André Castaigne, “The Killing of Cleitus by Alexander”, 1898-1899, Engraving, The Century Magazine
Jean Alexandre Michel André was a French artist, engraver and book illustrator. He became an important artist in the Golden Age of Illustration in the United States, producing paintings and literary illustrations in both France and America. As a youth, Castaigne read prodigiously and studied classic Greek, Latin, French, and German literature. At the École des Beaux-Arts, Paris, under Alexandre Cabanel and Jean-Léon Gérôme, he trained to become a painter in the Salon tradition.
Castaigne’s interest in visually interpreting history led him to become an illustrator as well as a portrait painter. His first of many illustrations appeared in “The Century” magazine around 1891, followed by over 160 illustrations before the end of 1895. Castaigne created more than thirty-six engravings about Alexander the Great for the 1898 to 1899 twelve-part series of “The Century” magazine.

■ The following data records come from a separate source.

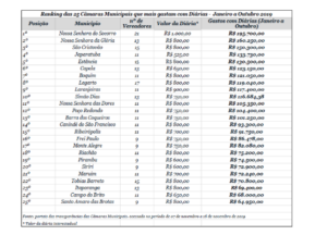 Janeiro a outubro De janeiro a outubro de 2019, foram gastos cerca de R$ 3.971.692,38 em pagamentos de diárias por parte de todas as Câmaras Municipais do estado de Sergipe. Contudo, segundo o movimento, esse valor pode ser maior dado que algumas Câmaras Municipais não estão com seus portais da transparência atualizados.
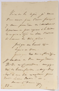 intercalations. Cependant on peut imprimer à la suite de ce qu’on a déjà et dans l’ordre ci-dessous les trois pièces : Puisque nos heures &c. Espoir en Dieu Puisque mai tout en fleurs &c. Je tâche de vous envoyer demain N.-D. [Notre-Dame de Paris] et Cromwell. Envoyez-moi de bonnes feuilles. –Avez-vous songé à un bel exemplaire pour Mlle Louise BERTIN ? »…
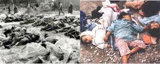 In 1981 Begin appointed Sharon Minister of Defense, and a year later Israel invaded Lebanon, providing the opportunity for Sharon to become an actual war criminal. On 15 September 1982 in response to the assassination of Lebanese president and Israeli ally Bashir Gemayel Sharon, Begin, chief of staff Rafael Eitan and foreign Minister Yitzhak Shamir decided to reoccupy West Beirut, violating their agreement with the United States. The Israeli army surrounded the Sabra neighborhood and Shatila refugee camp, where thousands of Palestinians, mostly women, children and old men, lived, and the following day Sharon and Eitan invited the Christian Phalange militias (See Ironies from Israel #2) to “mop up” the refugee camps, providing Israeli jeeps to transport them. The Phalange, originally modeled on the Nazi SA, entered the camps and began raping, mutilating and butchering the inhabitants, all of this being observed by Israeli officers stationed in buildings around the area. When darkness fell, the Israeli army continuously fired flares, illuminating the camps. The following morning the army ordered the Phalange to stop. By that time more than a thousand Palestinians, including small children, had been killed.
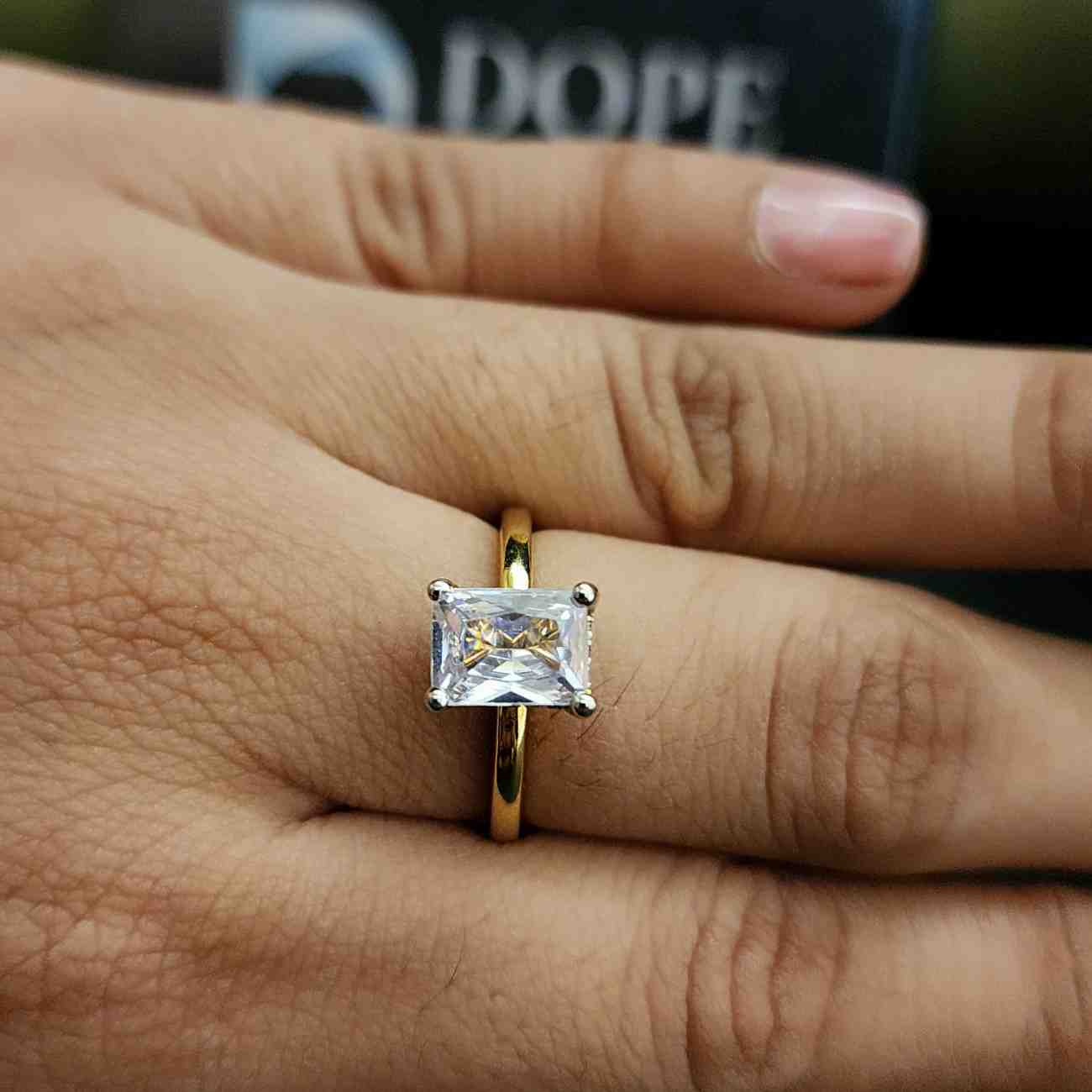 Trendy Women Radiant Cut Moissanite Lab Created Unique Design in 18KT Solid Gold Fashion Rings for Valentine’s Gift

André Castaigne’s engraving entitled “The Killing of Cleitus” shows the killing of Cleitus the Black, an officer of the Macedonian army led by Alexander the Great. At the Battle of the Granicus in 334 BC, Cleitus saved Alexander, who was under attack by the Persian commander Spithridates, by severing Spithridates’ hammer arm before he could strike the fatal blow. On the eve of the day he was to take possession of the Macedonian government, Alexander organized a banquet in the palace at Samarkand. During the drunken banquet, Cleitus, hearing he was to be posted in the steppes of Central Asia, uttered many grievances against Alexander and his royal legitimacy. This led to Alexander in anger throwing a javelin through Cleitus’ heart. In all four known texts of this story, it is shown that Alexander grieved for the death of Cleitus.